Items from a dataset:
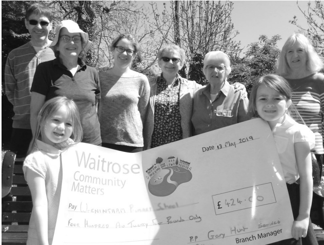
Presentation of Waitrose cheque to Wreningham Heritage Group

We were recently presented with a cheque by Waitrose after a successful month as one of their green token good causes in March – the money is to go towards purchase of equipment for the Oral Conversations project, part of which will be a recorded event at the school in the autumn term, featuring past and present pupils.
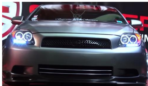
21. Turn on lights and confirm all functions are working properly. You have successfully completed the install of your new Spyder Headlights.
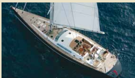
GRAND BLEU VINTAGE 29.00 m 8/4 West Mediterranean 45,000 €/week
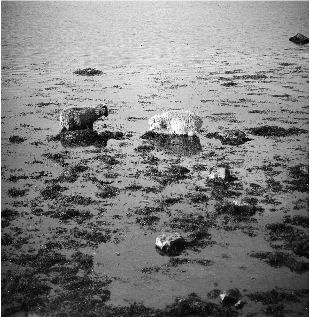
Hill sheep. Diet of heather and seaweed.
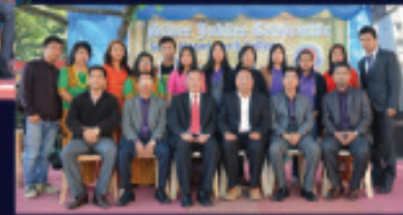
Dept. of Mizo
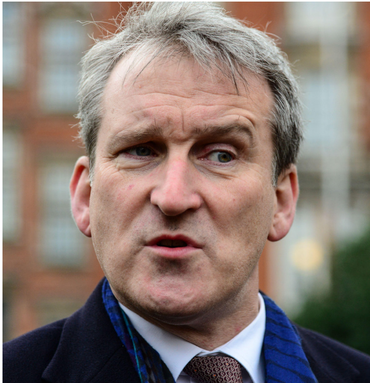
Damien Hinds, Minister of State for Security and Borders.

In an interview echoing recent statements from both MI5 and Counter Terrorism Policing, Damien Hinds, Minister of State for Security and Borders, has expressed concerns about the evolution of terrorists in the UK, particularly following the COVID-19 pandemic. He believes terrorism trends in the UK have shifted. Where previously, the threat was associated with plots directed and carried out by global terrorist organisations, the trend has shifted toward “self-directed” attacks. This trend shift has happened over a number of years; however, Hinds believes this has been exacerbated by the extended lockdowns enforced in the UK as a
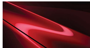
SOUL RED CRYSTAL
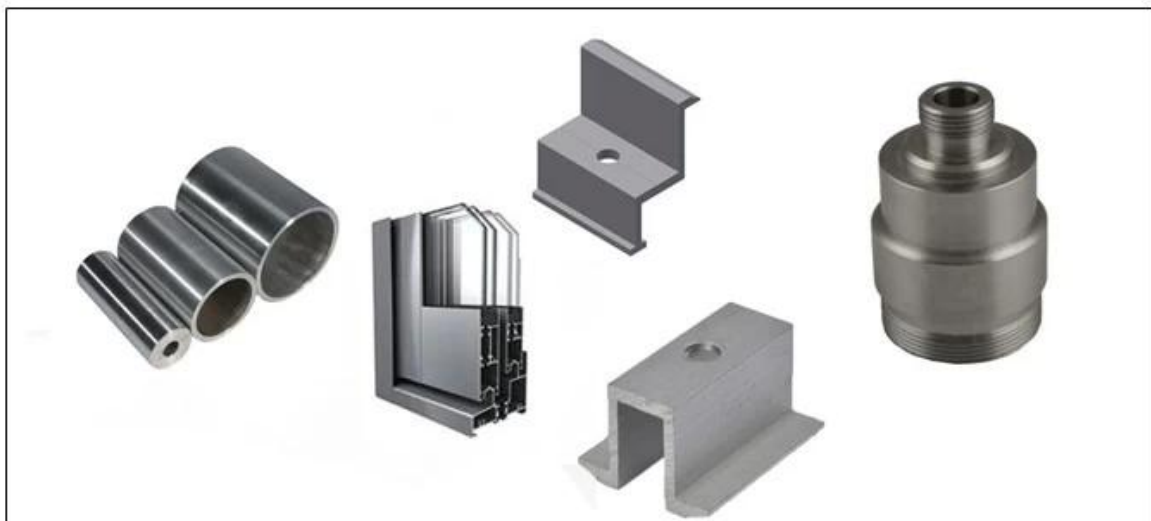
High precision processing technology
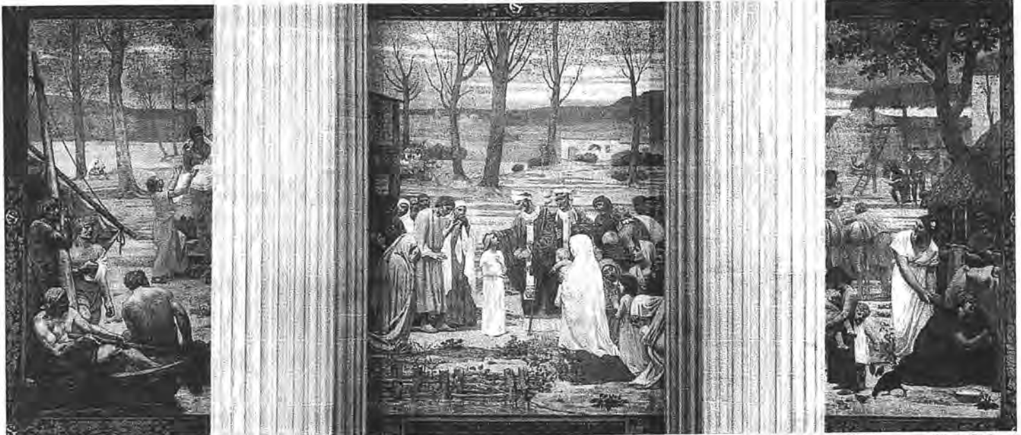
St. Genevieve meets two bishops, St. Germain and St. Loup. This is the first triptych in the Puvis de Chavannes murals in Paris's Pantheon to which Cather was indebted in Death Comes for the Archbishop .

REQUIRED ACTION: Where does the string "Waitrose" occur in the data above? Copy every line that holds it.

ANSWER AREA:
Presentation of Waitrose cheque to Wreningham Heritage Group
We were recently presented with a cheque by Waitrose after a successful month as one of their green token good causes in March – the money is to go towards purchase of equipment for the Oral Conversations project, part of which will be a recorded event at the school in the autumn term, featuring past and present pupils.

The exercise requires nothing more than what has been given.